WORK ITEM
Set every entry down again exactly, excluding any pictures.

RECORDS FOR THE EXERCISE Block Start

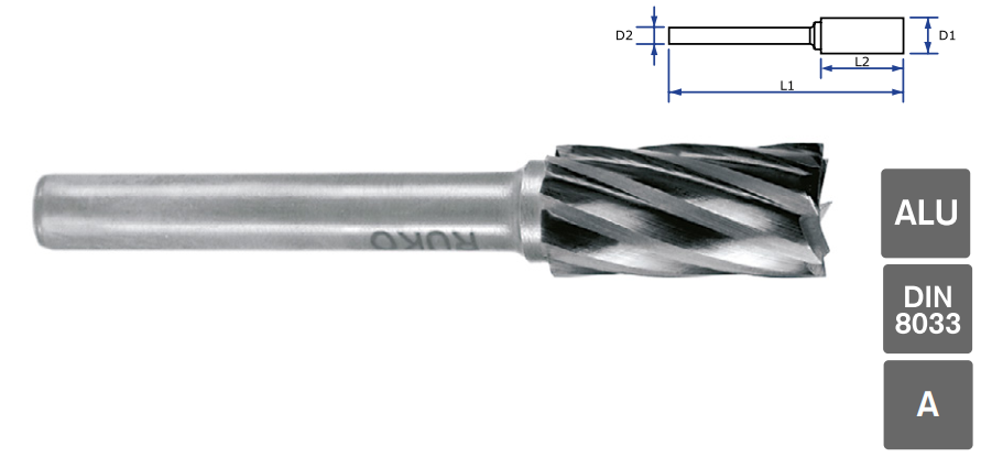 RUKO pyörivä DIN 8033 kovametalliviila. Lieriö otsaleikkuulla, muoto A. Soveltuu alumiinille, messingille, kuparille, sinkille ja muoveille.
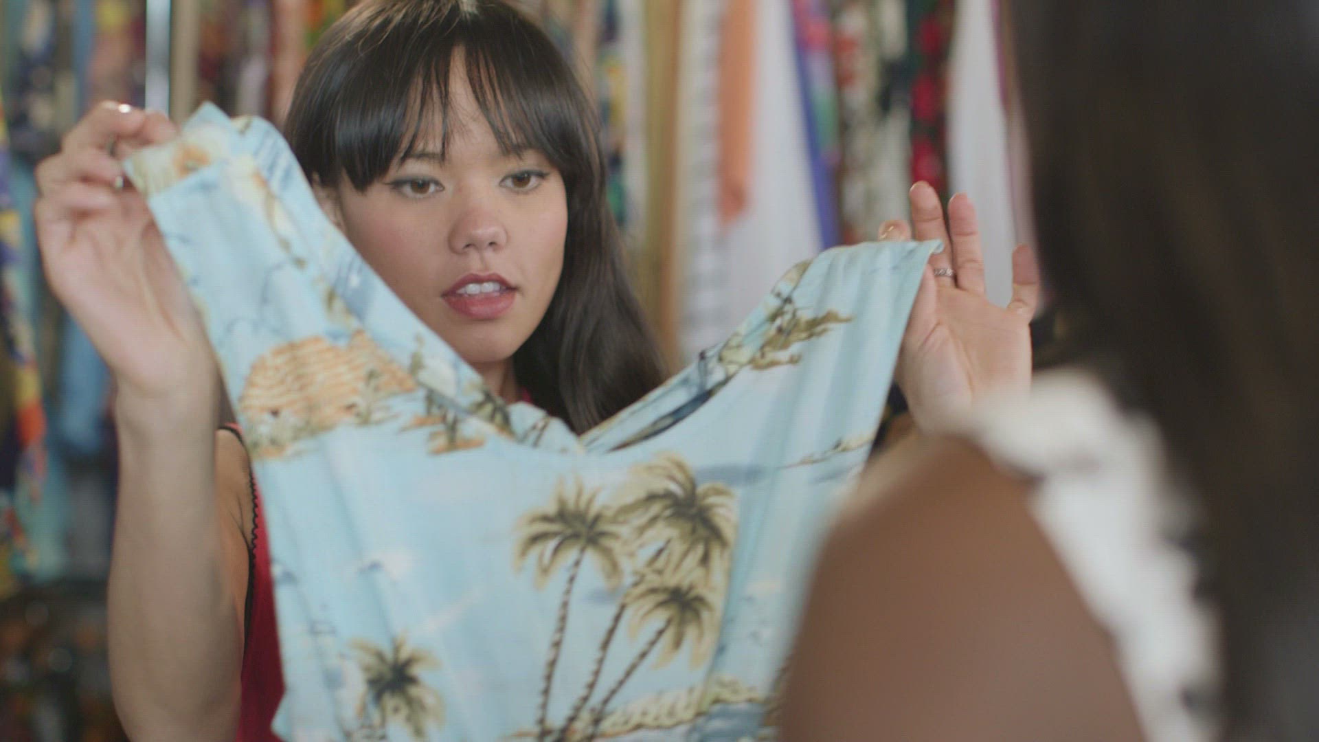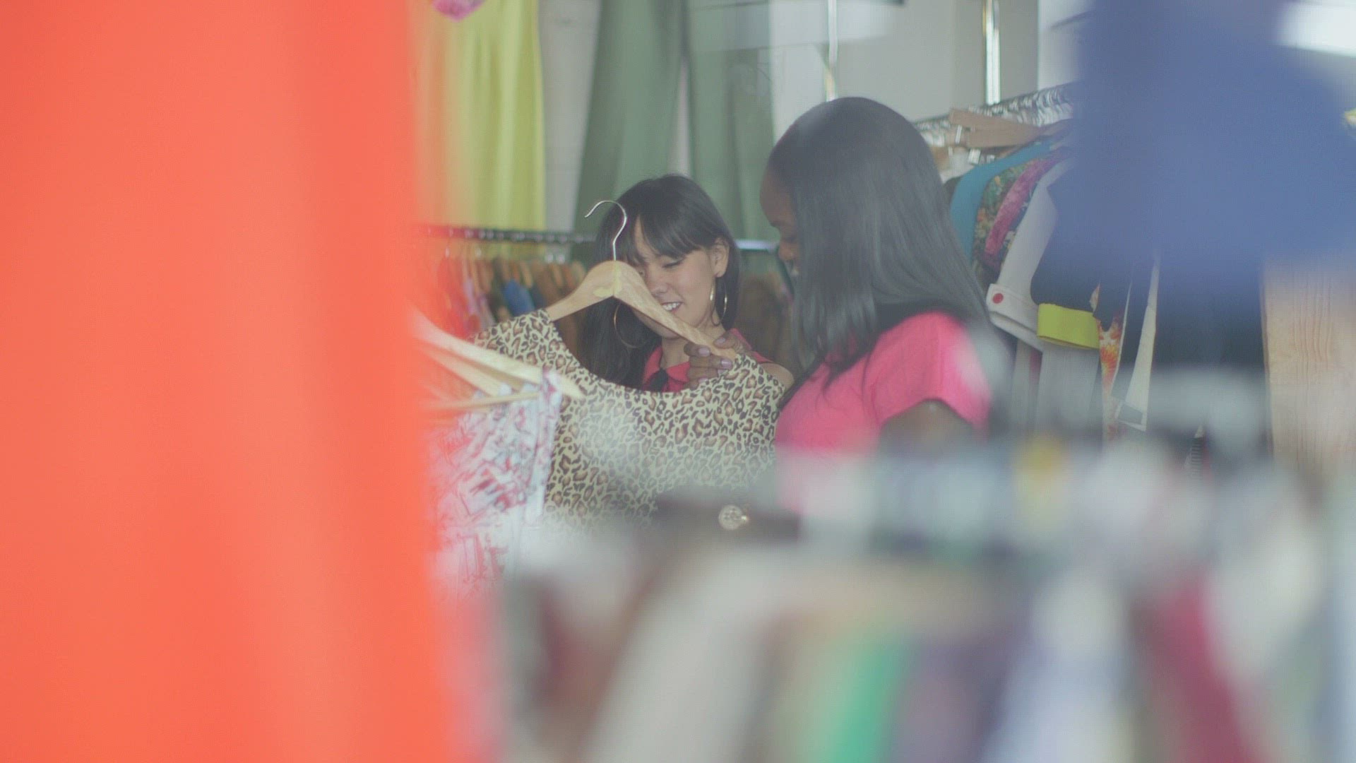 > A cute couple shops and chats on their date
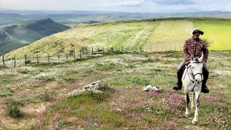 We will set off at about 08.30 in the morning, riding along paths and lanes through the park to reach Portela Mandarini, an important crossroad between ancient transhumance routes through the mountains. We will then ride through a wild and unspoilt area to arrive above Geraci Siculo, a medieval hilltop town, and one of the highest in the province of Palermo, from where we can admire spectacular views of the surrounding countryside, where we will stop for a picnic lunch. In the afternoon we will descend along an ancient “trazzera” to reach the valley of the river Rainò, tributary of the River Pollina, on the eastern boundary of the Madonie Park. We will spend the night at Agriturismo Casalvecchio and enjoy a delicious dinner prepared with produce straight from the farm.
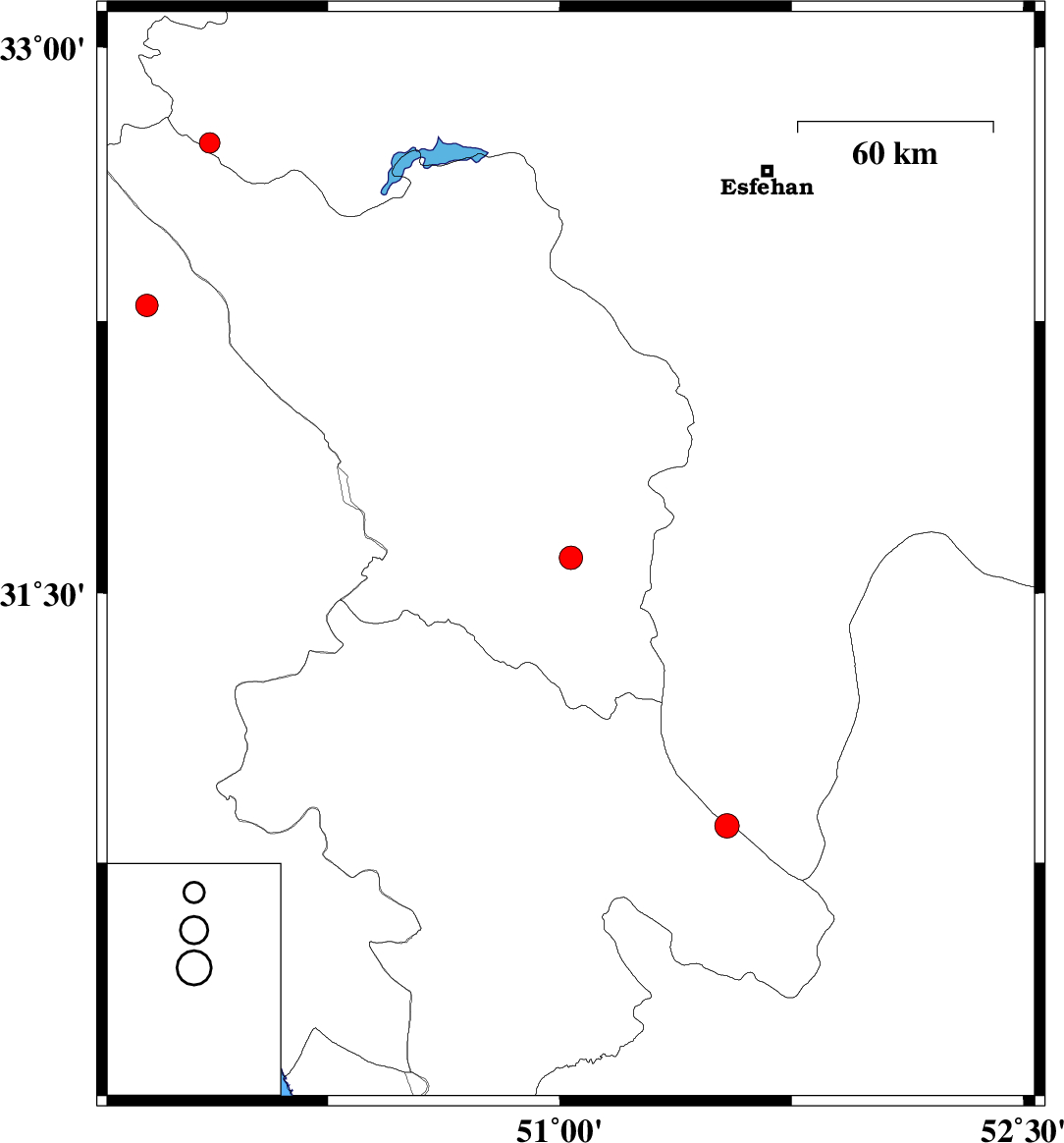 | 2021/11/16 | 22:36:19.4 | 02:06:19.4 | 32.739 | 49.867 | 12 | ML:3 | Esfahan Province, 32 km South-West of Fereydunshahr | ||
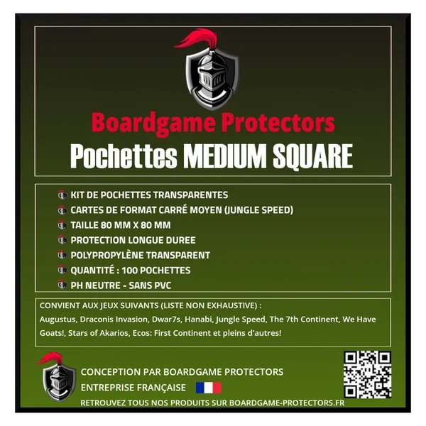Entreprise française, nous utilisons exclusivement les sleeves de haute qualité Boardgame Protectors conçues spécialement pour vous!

RECORDS FOR THE EXERCISE Block End

ANSWER TO THE PROBLEM
 RUKO pyörivä DIN 8033 kovametalliviila. Lieriö otsaleikkuulla, muoto A. Soveltuu alumiinille, messingille, kuparille, sinkille ja muoveille.
 > A cute couple shops and chats on their date
 We will set off at about 08.30 in the morning, riding along paths and lanes through the park to reach Portela Mandarini, an important crossroad between ancient transhumance routes through the mountains. We will then ride through a wild and unspoilt area to arrive above Geraci Siculo, a medieval hilltop town, and one of the highest in the province of Palermo, from where we can admire spectacular views of the surrounding countryside, where we will stop for a picnic lunch. In the afternoon we will descend along an ancient “trazzera” to reach the valley of the river Rainò, tributary of the River Pollina, on the eastern boundary of the Madonie Park. We will spend the night at Agriturismo Casalvecchio and enjoy a delicious dinner prepared with produce straight from the farm.
 | 2021/11/16 | 22:36:19.4 | 02:06:19.4 | 32.739 | 49.867 | 12 | ML:3 | Esfahan Province, 32 km South-West of Fereydunshahr | ||
Entreprise française, nous utilisons exclusivement les sleeves de haute qualité Boardgame Protectors conçues spécialement pour vous!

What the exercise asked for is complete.